Newsletter

September/October 2011 Newsletter

Posted by Mark A. Puglisi, ACE on Wed, Aug 31, 2011 @ 08:03 PM

fall
Fall Invaders

Fall is typically a very pleasant time of year for people to spend time outdoors. But it's also a time when many pest are busy looking for a drier and more comfortable place to spend the winter. It's at this time that they start gathering on the outside of homes and other buildings, and can invade in huge numbers.

Fall invading insects enter through any exterior crevice or other opening. But they gradually move deeper indoors during the months ahead, attracted to the warmth and lights indoors, until they "spill out" into interior rooms.

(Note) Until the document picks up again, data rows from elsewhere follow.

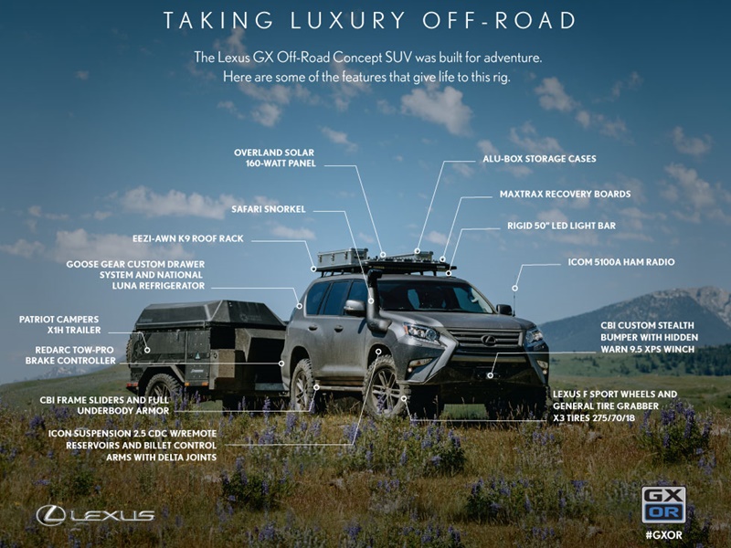 Lexus GXOR Concept มาในตัวถังสีด้าน เสริมด้วยสารพัดอุปกรณ์จากผู้ผลิตชื่อดังหลายรายการ ไม่ว่าจะเป็นกันชนหน้าทรงใหม่ ที่ซ่อนสายลากรถ WARN เอาไว้, สน็อกเกิ้ล Safari, บันไดข้าง, แผ่นปิดกันกระแทกใต้ท้อง CBI, ไฟ LED ส่องสว่างบนหลังคา 50 นิ้ว จาก RIGID และเสาส่งสัญญาณวิทยุ ICOM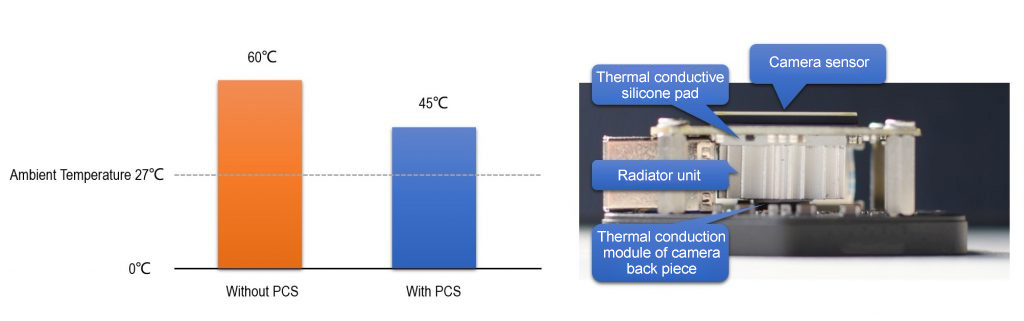 ACS can provide much better temperature control. When camera has PCS + ACS, temperature is only 7℃ higher than ambient. Camera body is a little warm but won't hot!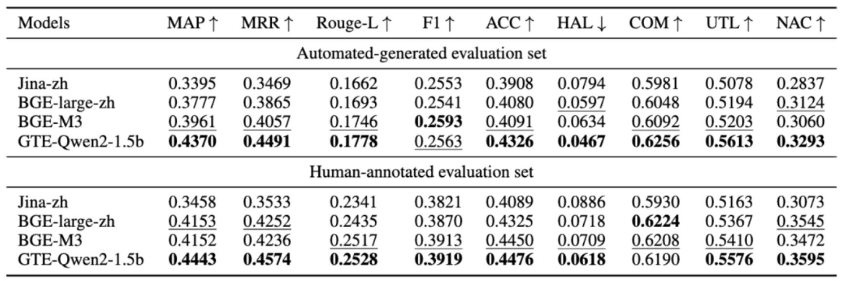 3. 幻觉(HAL):关注大语言模型生成的响应是否包含幻觉内容。如果答案完全正确或虽错误但源于检索文档,则幻觉值为0;若答案错误且内容不来自检索文档,则幻觉值为1,越低越好。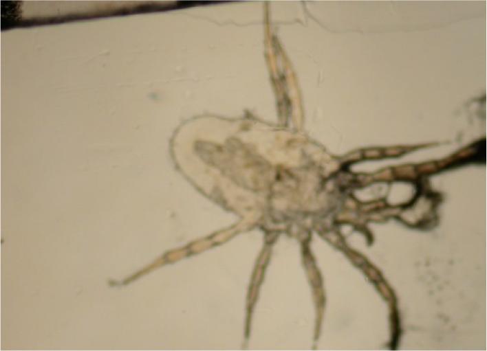 Figure 2 Dermanyssus gallinae found by the patient, observed under light microscopy.
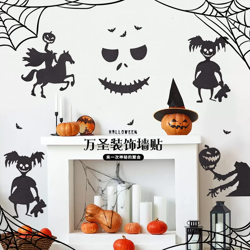 譬如玻璃、墙面甚至是地面,都可以粘贴上万圣节主题的贴纸,有的3D壁画贴纸还可以营造意想不到的视觉效果。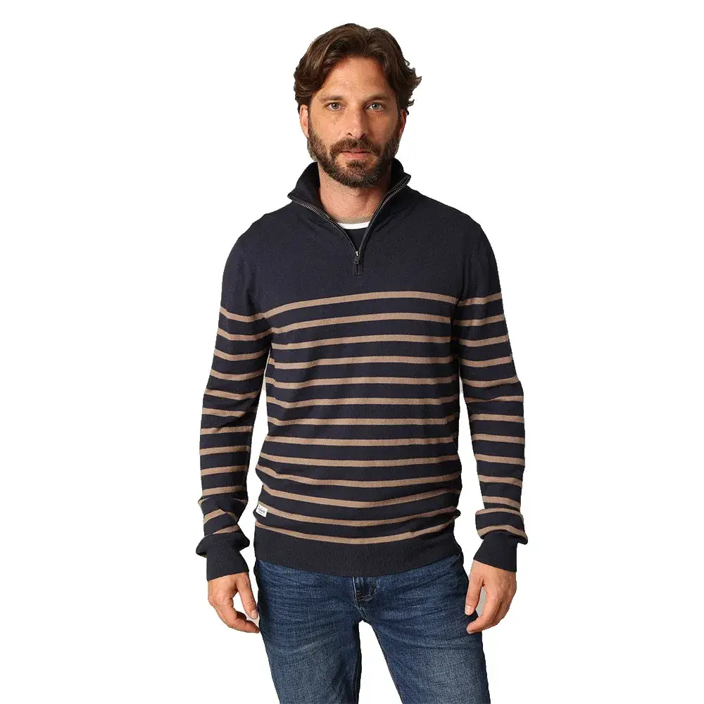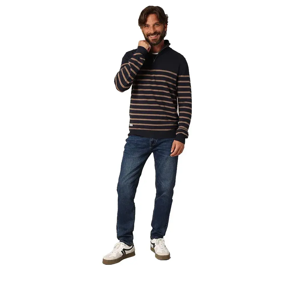 Этот повседневный свитер с высоким воротом на молнии очаровывает своим обновленным морским стилем. У него удобный прямой крой, длинные рукава и воротник на молнии, который позволяет регулировать вырез по вашему желанию.Узор в горизонтальную полоску по всему телу и рукавам придает изделию графичности и динамичности. Манжеты и пояс в рубчик гарантируют хорошую посадку. Маленькая вышитая нашивка "Deeluxe original" незаметно пришита спереди, в нижней части изделия.

Here are some of the fall invaders:

Asian lady beetles-This orange beetle with black spots was brought into this country to feed on agricultural pests, but they move indoors in the fall in droves, leaving orange-colored stains.

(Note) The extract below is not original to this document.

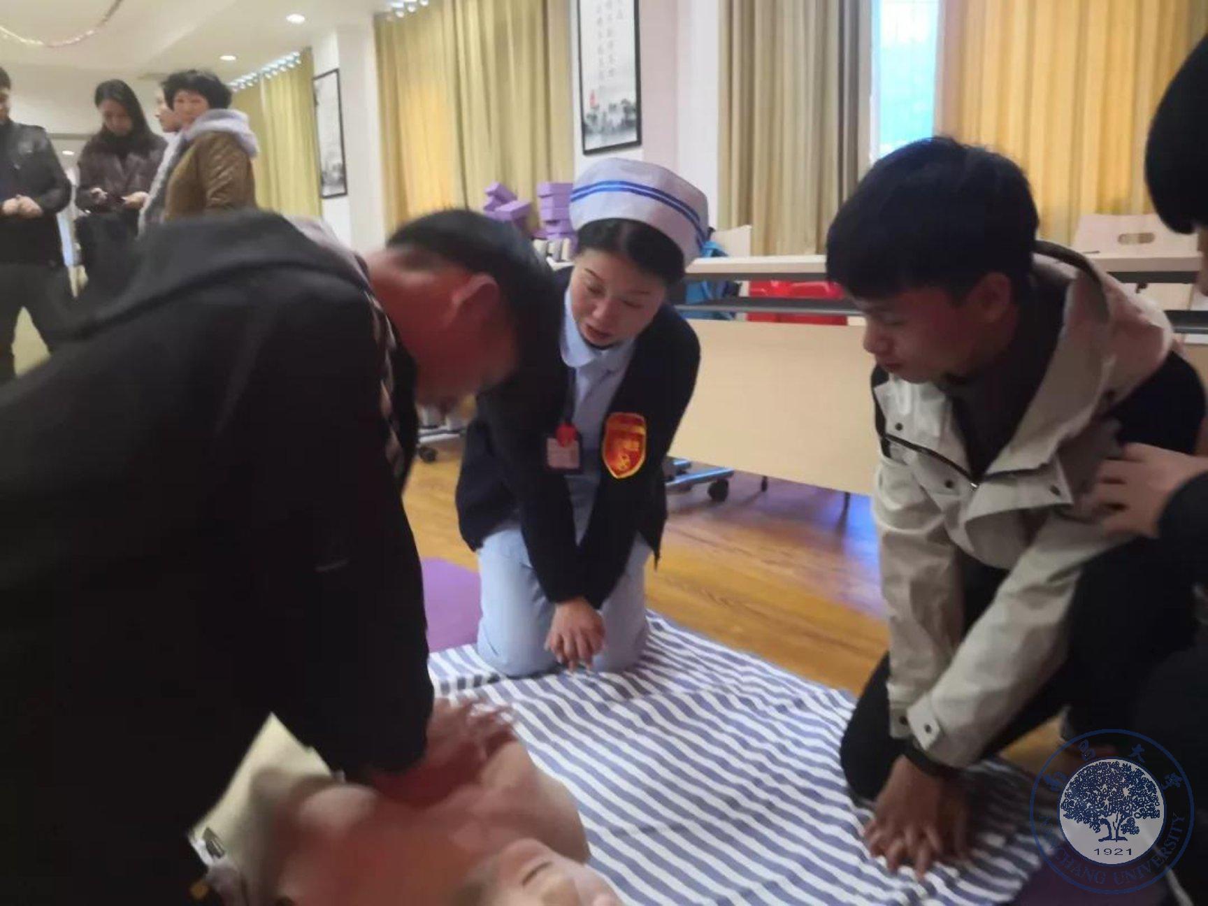 培训课上,医护人员对 “心肺复苏——基础生命支持”的理论知识、急救的整个流程及注意事项进行了详细的讲解,演示了气道异物的处理方法、外伤包扎止血法。在模拟练习环节,现场参训的志愿者们积极参与,掌握心肺复苏动作要领、正确处理气道异物、包扎止血等,提高应对突发情况的处理能力。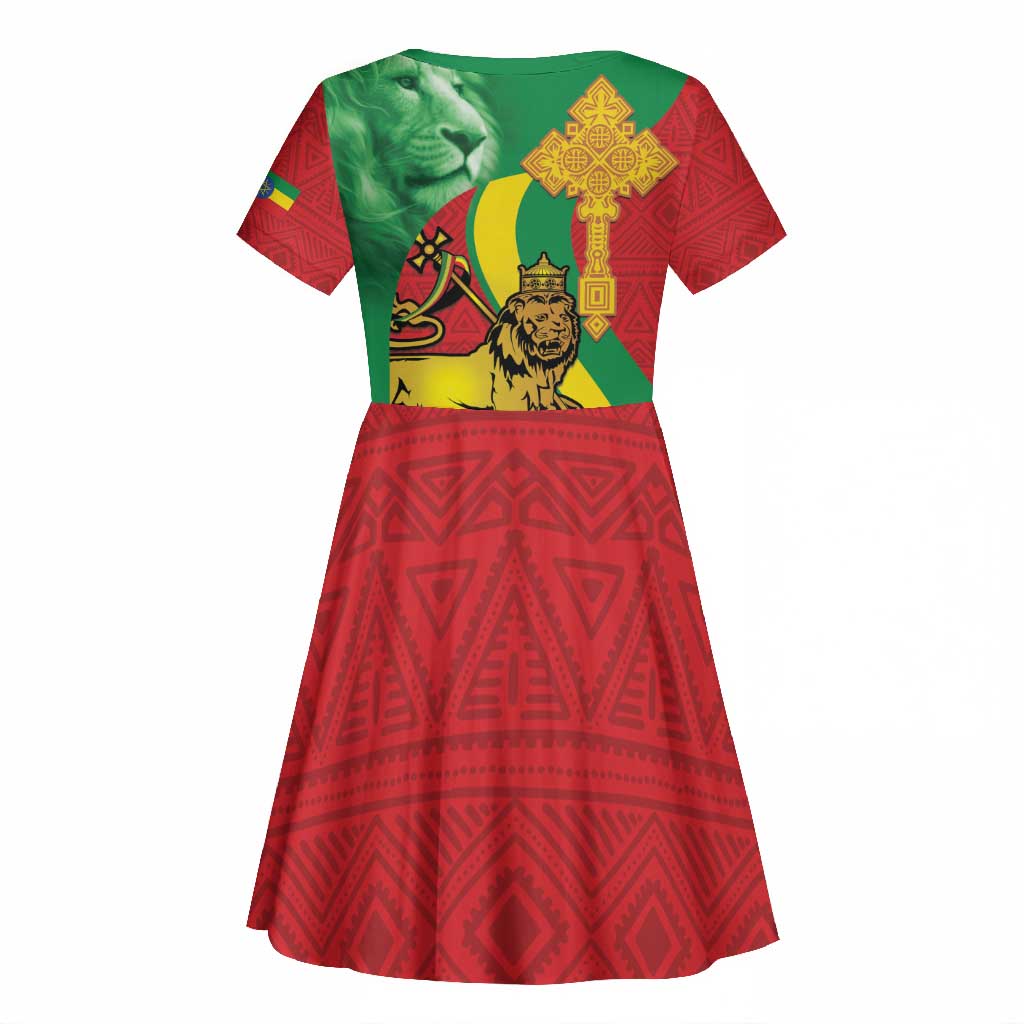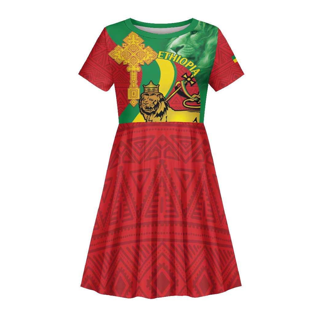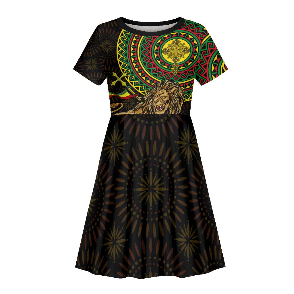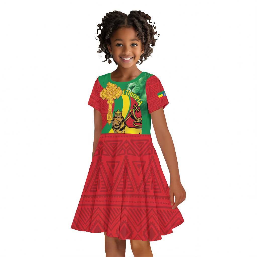 Ethiopia National Day Kid Short Sleeve Dress Ethiopia Lion of Judah African Pattern

Stink bugs-We've always had stink bugs, but the new brown marmorated stink bug is a much more serious pest that is spreading, smells horrible, and often invades in large numbers.

Cluster flies-There are several species of these flies, and along with face flies the adults can invade in huge numbers in the fall. Cluster fly maggots parasitize earthworms.

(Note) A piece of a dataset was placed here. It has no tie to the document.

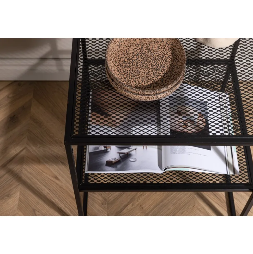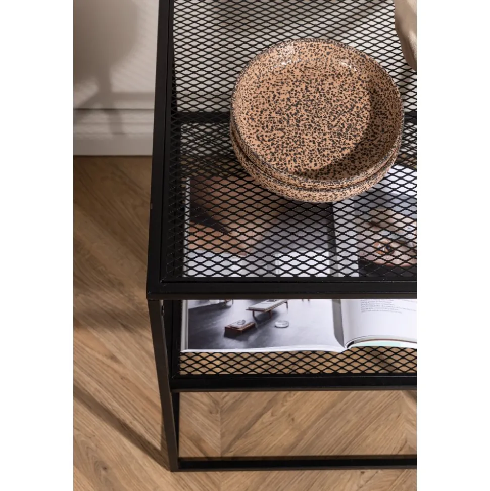Modernt och praktiskt i svart stål med industriellt uttryck och rak design. Med sina stilrena former tillför bordet en modern och luftig känsla till rummet och är otroligt användbar både som avlastningsyta, piedestal eller sidobord. Den kvadratiska och nätta storleken gör bordet lätt att placera och flytta runt i hemmet. Det finns även ett smart hyllplan i rutnät som fungerar utmärkt för enklare förvaring eller dekorationer.

Rats and mice- One by one, these rodents that had been living outdoors start coming indoors in the fall and early winter.

Other fall invaders are boxelder bugs, elm leaf beetles, wasp and yellowjacket queens, crickets, earwigs, entire ant colonies, various wild animals, and many other pests.

Other regular treatments are needed to prevent these pests from invading in the fall and winter. With some pests, additional special treatments are needed.

Moisture Sources That Lead to Decay

Wood decay is the single most common structural problem in homes, costing owners billions of dollars a year. We have found that much of the damage could have been prevented or repaired at a relatively minor cost if it had been detected early. That's why a small investment in having us do a professional inspection that finds wood decay and wood destroying pests often pay huge dividends.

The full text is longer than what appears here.